If there are no ragged fields, then it will be int64 by default, but this will be changed to int32 in the future.

Args
fields A dictionary mapping from string to Tensor, RaggedTensor, or StructuredTensor, providing the values for individual fields in each structure. If rank > 0, then every tensor in fields must have the same shape in the first rank dimensions. Cannot be empty.
rank The rank of the resulting structured tensor.
validate If true, then add runtime validation ops that check that the field values all have compatible shapes in the outer rank dimensions.
dtype If specified, then forces dtype of the shape to be this.

Returns
A StructuredTensor.

Examples

>>> tf.experimental.StructuredTensor.from_fields_and_rank(
...     {'x': 1, 'y': [1, 2, 3]}, 0)
<StructuredTensor(
  fields={
    "x": tf.Tensor(1, shape=(), dtype=int32),
    "y": tf.Tensor([1 2 3], shape=(3,), dtype=int32)},
  shape=())>
>>> StructuredTensor.from_fields_and_rank({'foo': [1, 2], 'bar': [3, 4]},
...                              1)
<StructuredTensor(
  fields={
    "bar": tf.Tensor([3 4], shape=(2,), dtype=int32),
    "foo": tf.Tensor([1 2], shape=(2,), dtype=int32)},
  shape=(2,))>

from_pyval

View source

Constructs a StructuredTensor from a nested Python structure.

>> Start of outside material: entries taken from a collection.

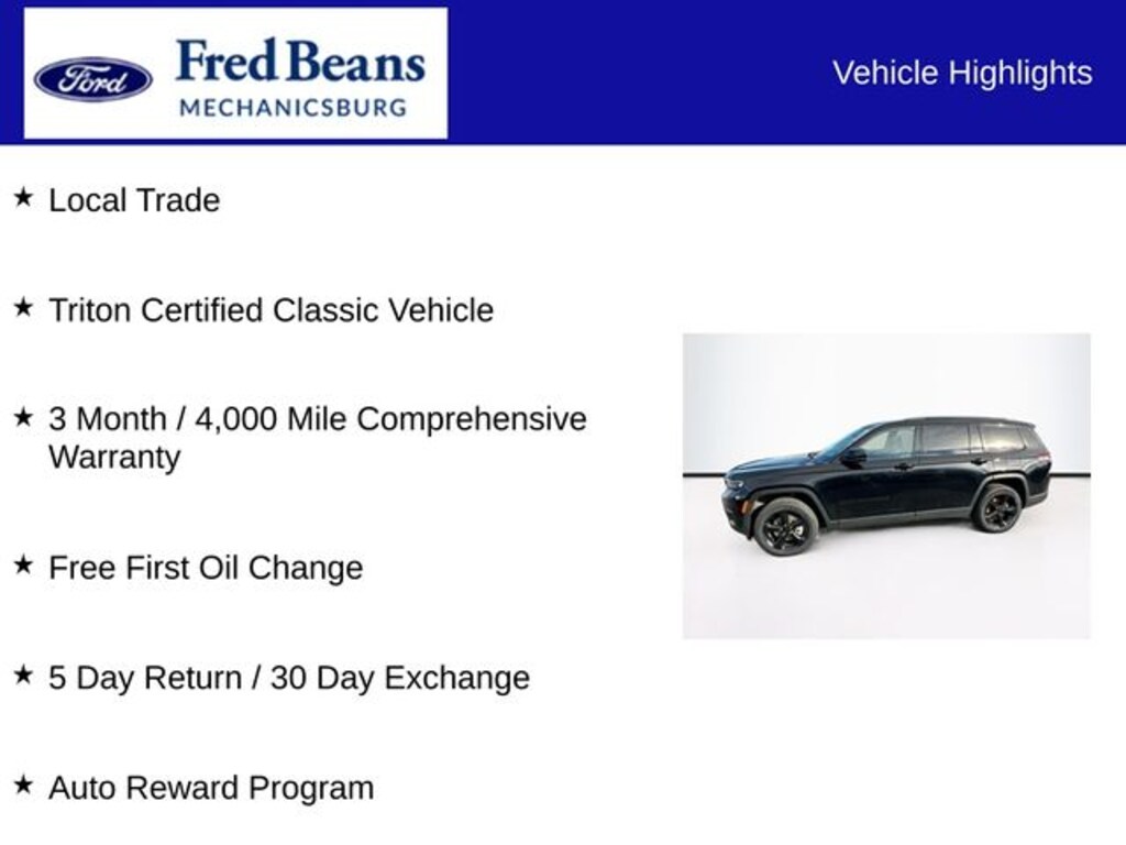 As a Triton Certified Classic Vehicle, this Grand Cherokee L has undergone a rigorous 127-point inspection and comes with a 3-month/4,000-mile comprehensive warranty. You can drive with confidence, knowing that this vehicle has been meticulously maintained and is ready to provide you with years of reliable service.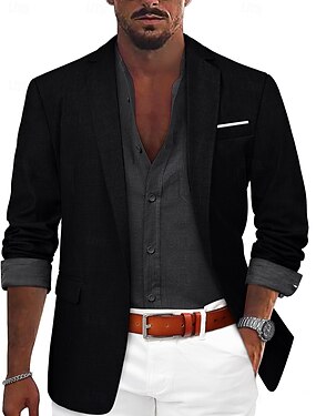 Pánské Plátěný sako Sportovní kabát Zářezový límec Módní Na běžné nošení Jednobarevné Plátěný sako Černá Standardní uložení Jednořadé s jedním knoflíkem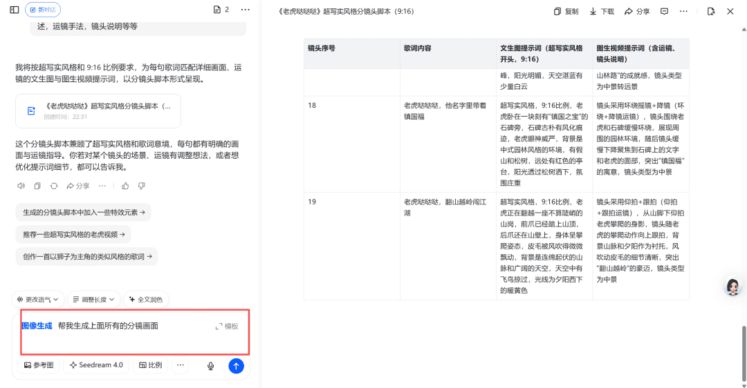 继续输入提示词:针对上面的歌词生成对应的分镜头脚本,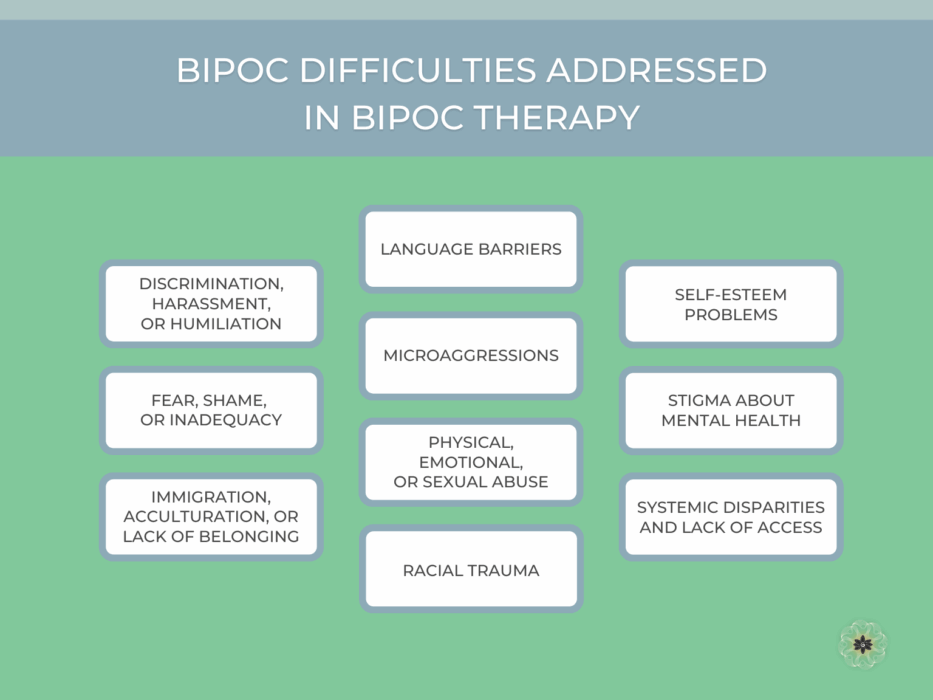 While Black, Indigenous, and People of Color are not a homogeneous group, BIPOC therapy can help you address difficulties experienced by BIPOC communities, including: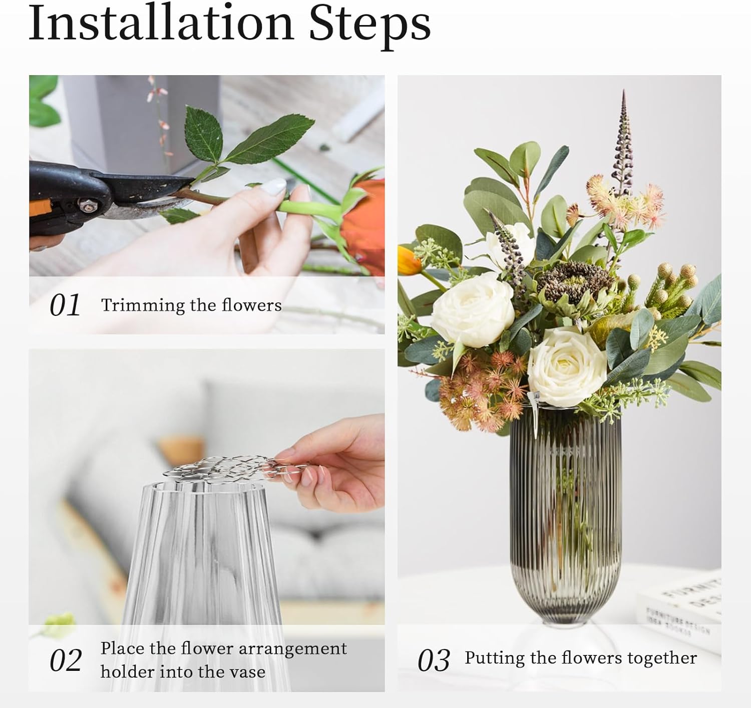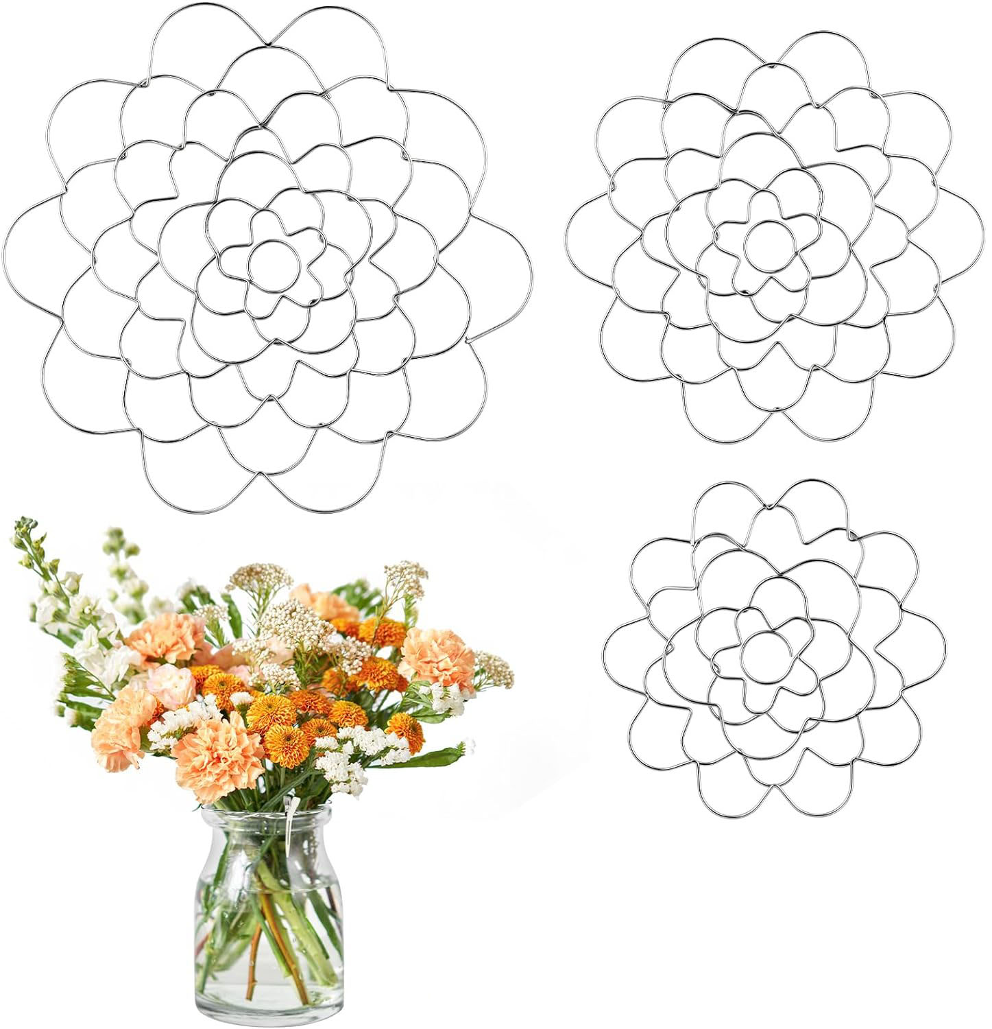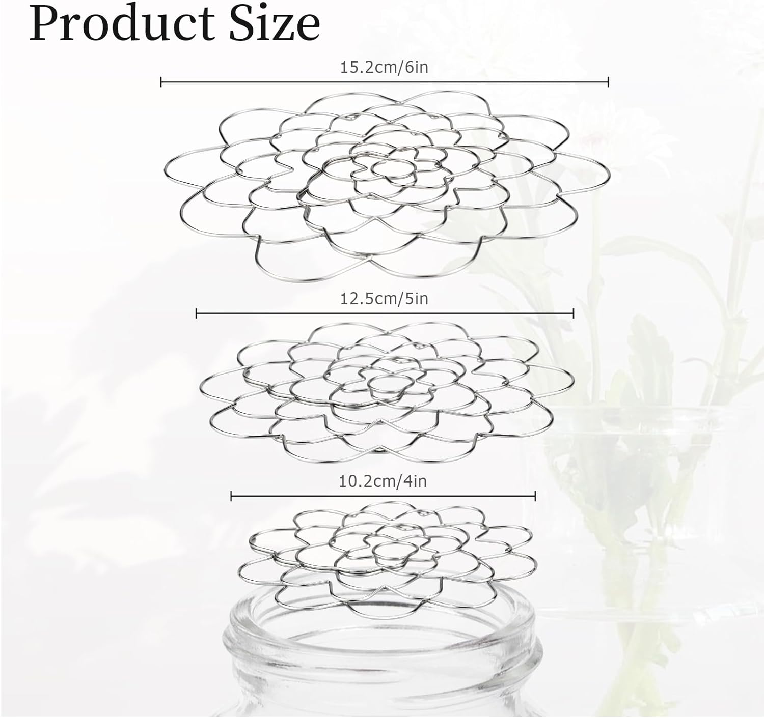 - Size Information: This metal flower arrangement lid has a diameter of 4inch/10.16cm,5inch/12.7cm,6inch/15.24cm, which is easy to use and fits most regular vases. Its compact and lightweight design ensures ease of handling and use. In addition, the lid's proper size makes it easy to store when not in use, providing you with maximum convenience and saving valuable space.

tf.experimental.StructuredTensor.from_pyval(
    {'a': [1, 2, 3], 'b': [[4, 5], [6, 7]]})
<StructuredTensor(
    fields={
      "a": tf.Tensor([1 2 3], shape=(3,), dtype=int32),
      "b": <tf.RaggedTensor [[4, 5], [6, 7]]>},
    shape=())>

Note that StructuredTensor.from_pyval(pyval).to_pyval() == pyval.

Args
pyval The nested Python structure that should be used to create the new StructuredTensor.
typespec A StructuredTensor.Spec specifying the expected type for each field. If not specified, then all nested dictionaries are turned into StructuredTensors, and all nested lists are turned into Tensors (if rank<2) or RaggedTensors (if rank>=2).

Returns
A StructuredTensor.

from_shape

View source

Creates a StructuredTensor with no fields and ragged_shape.

Args
ragged_shape the shape of the structured tensor.

Returns
a StructuredTensor with no fields and ragged_shape.

merge_dims

View source

Merges outer_axis...inner_axis into a single dimension.

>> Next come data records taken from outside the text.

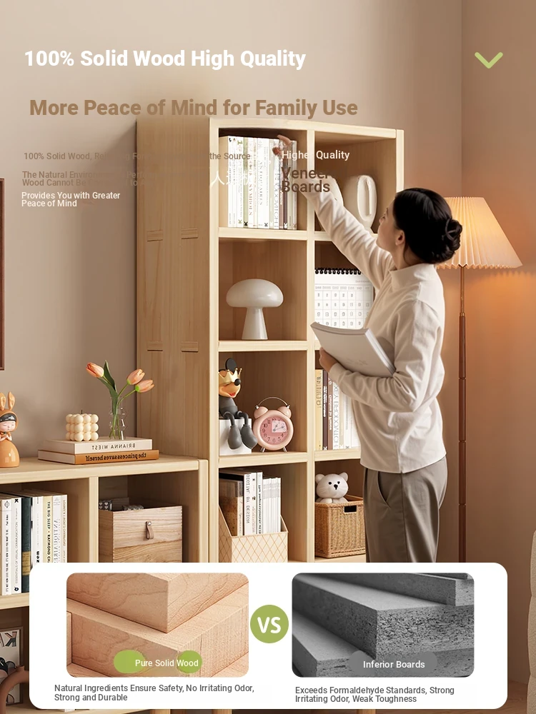 Solid wood [ with 6 cabinet legs ] 3 floors 12 squares of original wood color [ deliver collision-proof corner shell ]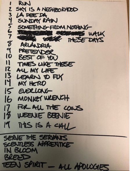 Nirvana revivió en el Cal Jam Festival La noche del pasado sábado 6 de octubre, Foo Fighters se presentó en el festival Cal Jam en California y se dio una reunión con ex integrantes de Nirvana. El mismo Dave Grohl había insinuado este encuentro con algunos comentarios en las redes sociales y así sucedió, se volvió a reunir junto a Krist Novoselic y Pat Smear para tocar algunos clásicos de Nirvana. Joan Jett se unió a la voces como haría anteriormente en la presentación del salón de la Fama del Rock & Roll en 2014. Aquí dejamos el setlist que subió la banda a las redes sociales y algunos vídeos de esta histórica reunión.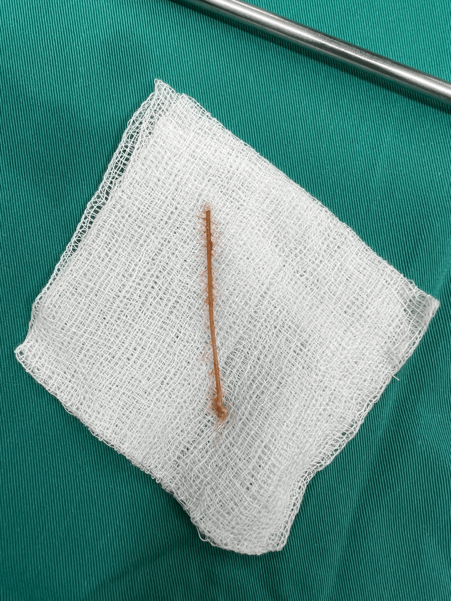 Tăm tre dài 4cm xuyên thủng thành ruột non được lấy ra trong ổ bụng của bệnh nhân
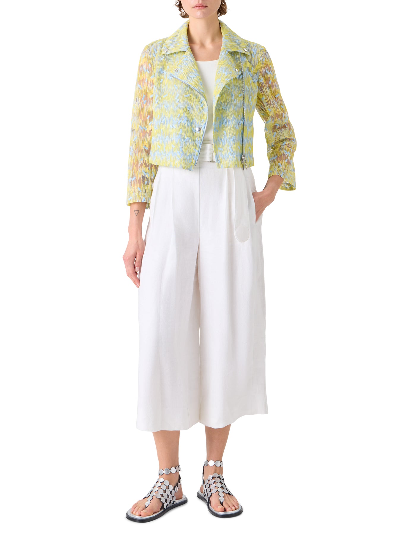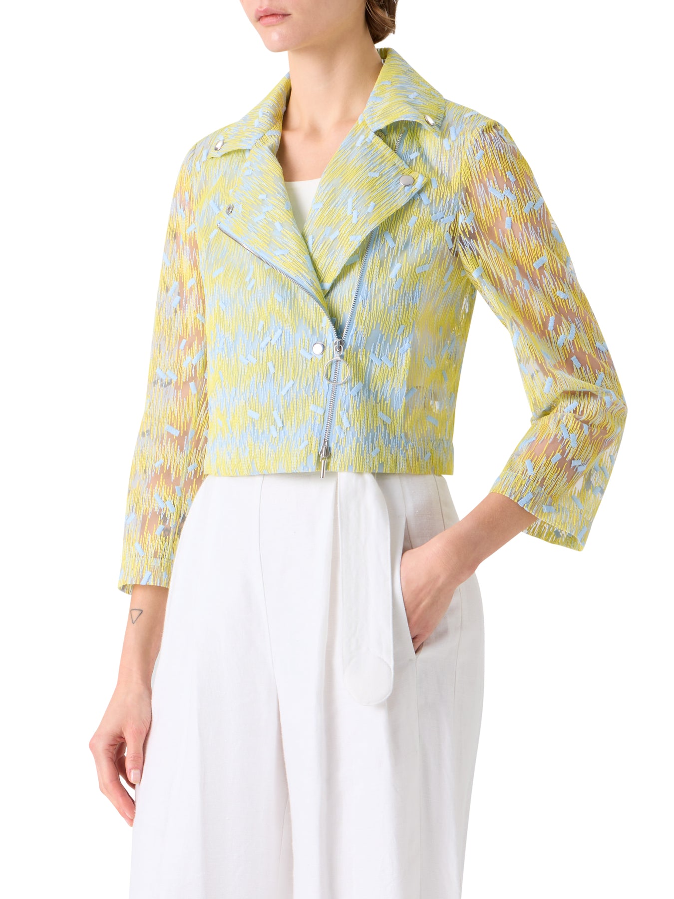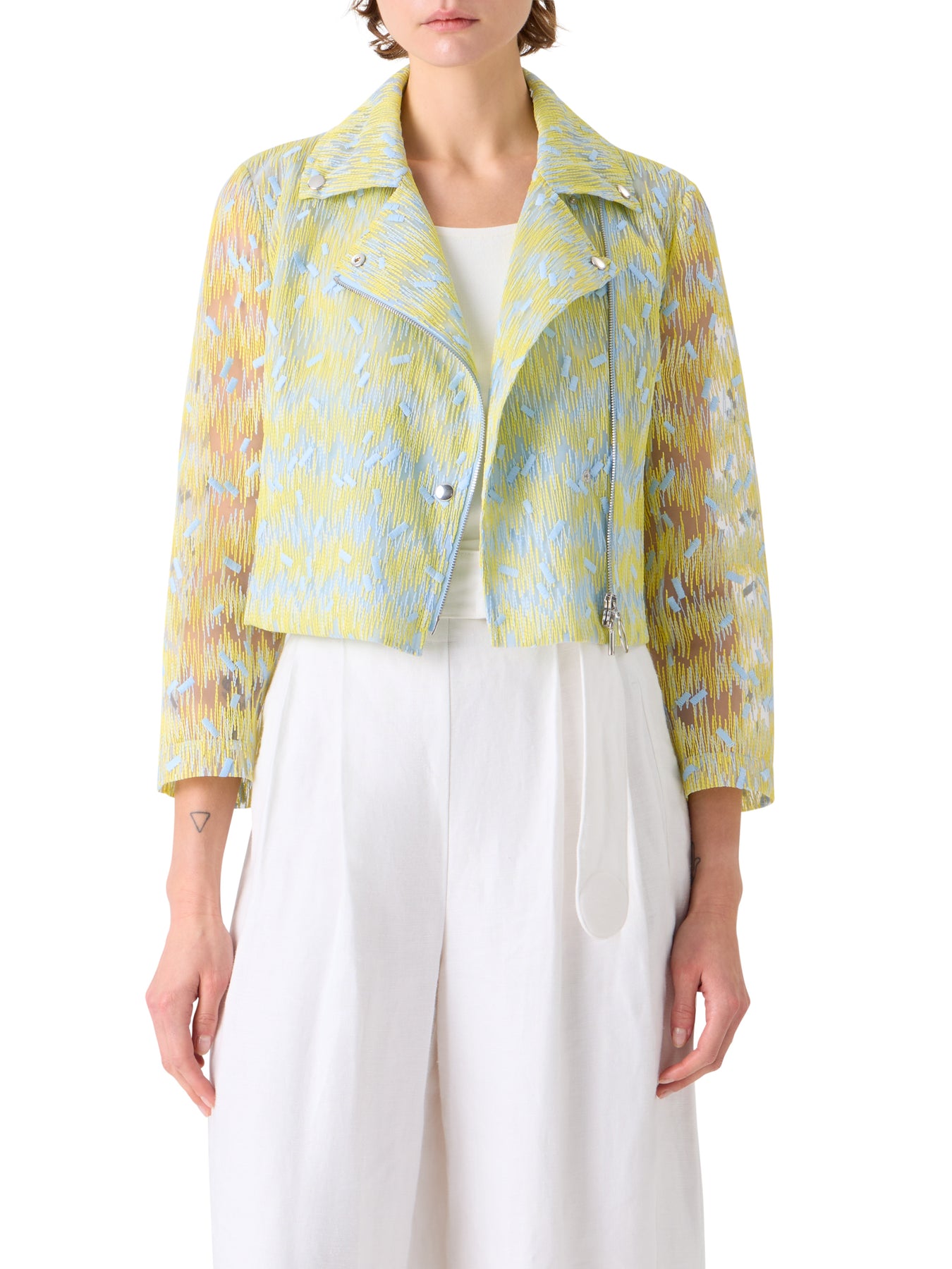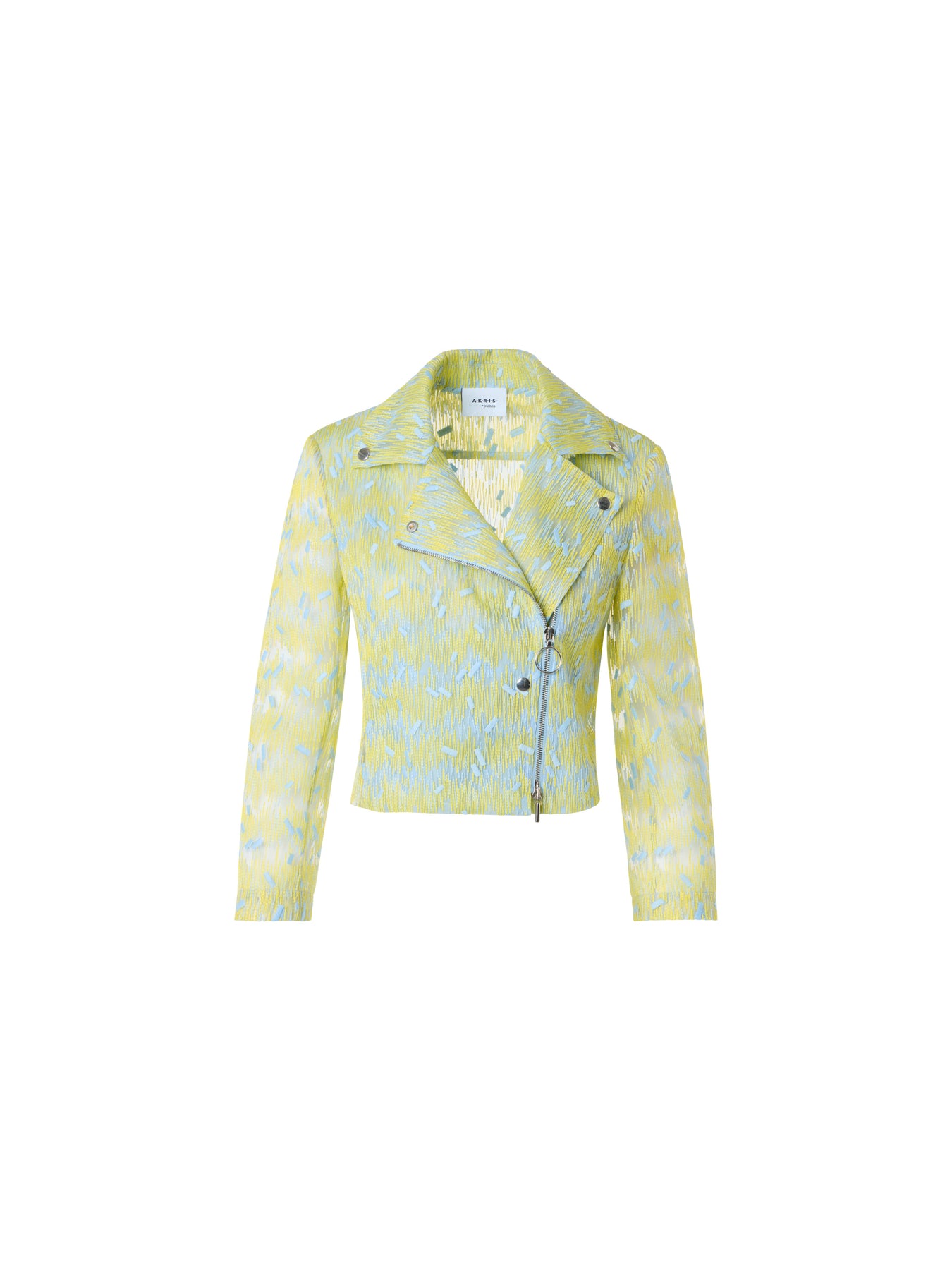 Sheer, tulle biker style jacket by Akris Punto with an all-over, subtle scribble pattern.  The jacket is completed with a distinctive O-ring zipper pull and metallic snaps.

Returns a copy of this RaggedTensor with the specified range of dimensions flattened into a single dimension, with elements in row-major order.

st = tf.experimental.StructuredTensor.from_pyval(
    [[{'foo': 12}, {'foo': 33}], [], [{'foo': 99}]])
st.merge_dims(0, 1)
<StructuredTensor(
  fields={
    "foo": tf.Tensor([12 33 99], shape=(3,), dtype=int32)},
  shape=(3,))>

Args
outer_axis int: The first dimension in the range of dimensions to merge. May be negative (to index from the last dimension).
inner_axis int: The last dimension in the range of dimensions to merge. May be negative (to index from the last dimension).

Returns
A copy of this tensor, with the specified dimensions merged into a single dimension. The shape of the returned tensor will be self.shape[:outer_axis] + [N] + self.shape[inner_axis + 1:], where N is the total number of slices in the merged dimensions.

nrows

View source

The number of rows in this StructuredTensor (if rank>0).

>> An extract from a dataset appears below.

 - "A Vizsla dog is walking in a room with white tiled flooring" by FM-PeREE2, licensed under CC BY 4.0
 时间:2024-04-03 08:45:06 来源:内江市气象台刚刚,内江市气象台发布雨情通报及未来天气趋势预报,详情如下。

This means the length of the outer-most dimension of the StructuredTensor.

Notice that if self.rank > 1, then this equals the number of rows of the first row partition. That is, self.nrows() == self.row_partitions[0].nrows().

Otherwise self.nrows() will be the first dimension of the field values.

Returns
A scalar integer Tensor (or None if self.rank == 0).

partition_outer_dimension

View source

Partitions the outer dimension of this StructuredTensor.

Returns a new StructuredTensor with the same values as self, where the outer dimension is partitioned into two (possibly ragged) dimensions. Requires that this StructuredTensor have an outer dimension (i.e., self.shape.rank > 0).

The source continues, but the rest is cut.